Teaching. Everyone likes talkin’ about their careers.
Everyone who has a career, that is.
He pushed that thought away.
“What made you decide to be a teacher?” he asked, watching her neatly cut her sandwich into two triangles and then dip one of the corners into the soup. Awkwardly, he picked up his knife and cut his sandwich too. He didn’t tend to dip his sandwiches, but if Hannah were doin’ it…
She bit her lower lip as she thought about the question. Watching her bite her lip had to be the sexiest thing he’d ever seen a woman do when she weren’t meanin’ to actually be sexy.
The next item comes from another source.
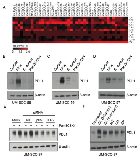 Finally, given the ability of UM-SCC-97 to strongly upregulate PDL1 in response to TLR2 agonists, we tested whether Pam3CSK4-mediated PDL1 induction was dependent upon TLR2 or p65 expression. UM-SCC-97 cells were transfected with siRNA targeting TLR2, RELA (p65), or controls, and stimulated with either vehicle or Pam3CSK4. Pam3CSK4 did not induce PDL1 expression in either the TLR2 and RELA knockdowns, indicating expression of these genes is required for Pam3CSK4-mediated PDL1 induction (Figure 5E). To further interrogate the role of microbes in PDL1 induction, we tested whether other common commercially available infectious bacteria were sufficient to phenocopy S. aureus in the model. Importantly, we found that the M. tuberculosis, L. monocytogenes and S. pneumoniae bacterial strains were all able to induce PDL1 expression, and although dependency upon TLR2 has not been established in this system, all reportedly activate TLR2 in other settings (Figure 5F) [26,27,28,29]. It is therefore possible that a wide variety of bacterial strains can contribute to an immunosuppressive phenotype in cancer cells.
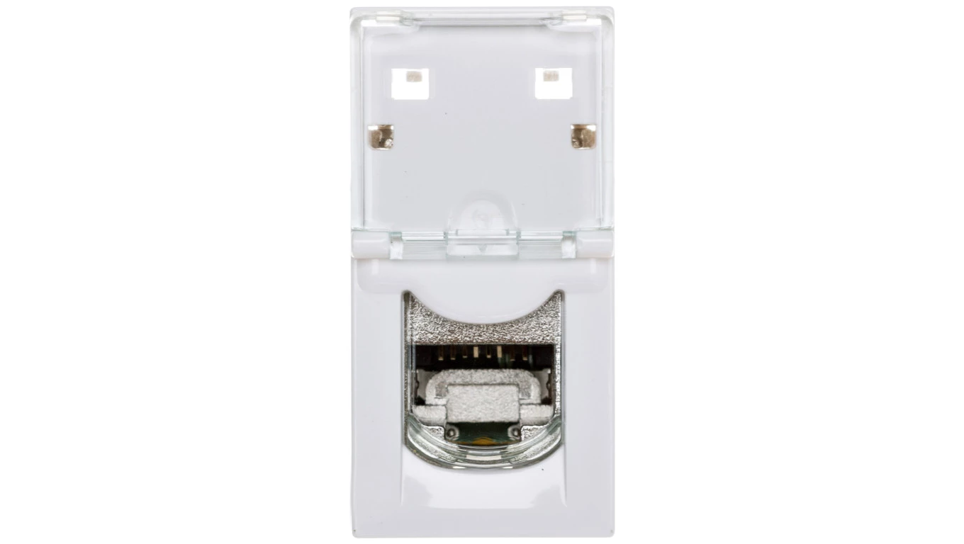 Simon 54 Gniazdo komputerowe pojedyncze RJ45 kat.6 ekranowane z przesłoną białe D61E.01/11

His dick hardened in response, and he swallowed a groan, cursing at himself.
He was not gonna get a hard-on over his daughter’s teacher thinkin’ about teachin’.
“I love helping others,” she said quietly, her full lips pursed to blow on the hot soup.
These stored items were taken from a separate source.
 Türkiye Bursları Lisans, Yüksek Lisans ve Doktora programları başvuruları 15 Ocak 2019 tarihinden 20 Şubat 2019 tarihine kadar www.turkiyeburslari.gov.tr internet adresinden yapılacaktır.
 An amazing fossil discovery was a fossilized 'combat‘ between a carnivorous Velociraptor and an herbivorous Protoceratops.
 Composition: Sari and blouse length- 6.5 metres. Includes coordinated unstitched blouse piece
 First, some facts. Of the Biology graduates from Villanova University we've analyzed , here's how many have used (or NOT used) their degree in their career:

Is she tryin’ to drive me insane?
No, Hannah Lambert was just that innocent. She had an air about her that practically screamed her innocence from the rooftop.
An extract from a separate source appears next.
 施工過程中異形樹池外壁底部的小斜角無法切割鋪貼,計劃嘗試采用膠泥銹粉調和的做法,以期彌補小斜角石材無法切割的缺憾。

“Ever since I was a child,” she said after taking a sip of the soup, “I knew I’d be a teacher. It’s what I was meant to be, you know? Michelle Winthrop – you know her? Works down at the pound as the city animal control officer?”
He nodded, listening and wondering where this was going. Of course he knew Michelle – she was also older than him, but she had the kind of forceful personality that meant she stood out in every crowd. She were on the larger side, which Elijah figured was a big help when she had to wrestle stray animals into submission.
He didn’t want to come up against her in an arm wrestling co
ntest, that was for damn sure.
“She’s always loved animals,” Hannah continued, “but she’d never planned on being the city animal control officer. Her first love is horses, and she’d wanted to race them, but…anyway, so she’s still working with animals and she’s a great advocate for them, but I think she could take it or leave it at the city.”
Hannah let out a long sigh, like the weight of the world was on her shoulders.
“Me? This is all I want to do; all I’ll ever do; and I’m happy there. Some classes are harder than others, and the paperwork end of things is only getting worse by the year. Some days, I spend more time filling out paperwork than I do actually teaching children, and that drives me crazy. The pay…don’t even get me started on how pathetic teacher pay is, and on top of it all, I buy things for my classroom out of my own pocket all the time.” Her jaw tightened up a little and he wondered if bein’ poor made her life as miserable as his was. “But,” she finally said, shrugging, “teaching is my passion, so I take the lumps with it.”
And with that, she went as quiet as a church mouse, the curtain droppin’ over her, blocking out the world, and him along with it. She dipped the last of her sandwich into her soup and popped it into her mouth, chewin' and starin’ over his shoulder into the kitchen, not meetin’ his gaze.
He openly stared at her, trying to figure out what was going on in that gorgeous redhead of hers. She’d been talkin’ endlessly, and then…nothing. He figured that trying to drag words out of her when she was like this would be like trying to take a cat on a walk – it weren’t gonna work real well and they’d both be pissed off by the end.
But somehow, he felt compelled to take the damn cat on a walk.
“Why do you just shut down on me sometimes?” he asked bluntly.
“Shut down?” she repeated, glancing at him so hurriedly, he didn’t even think she’d met his gaze, and then her eyes were pinned on her soup, like it held the secret to eternal life or somethin’.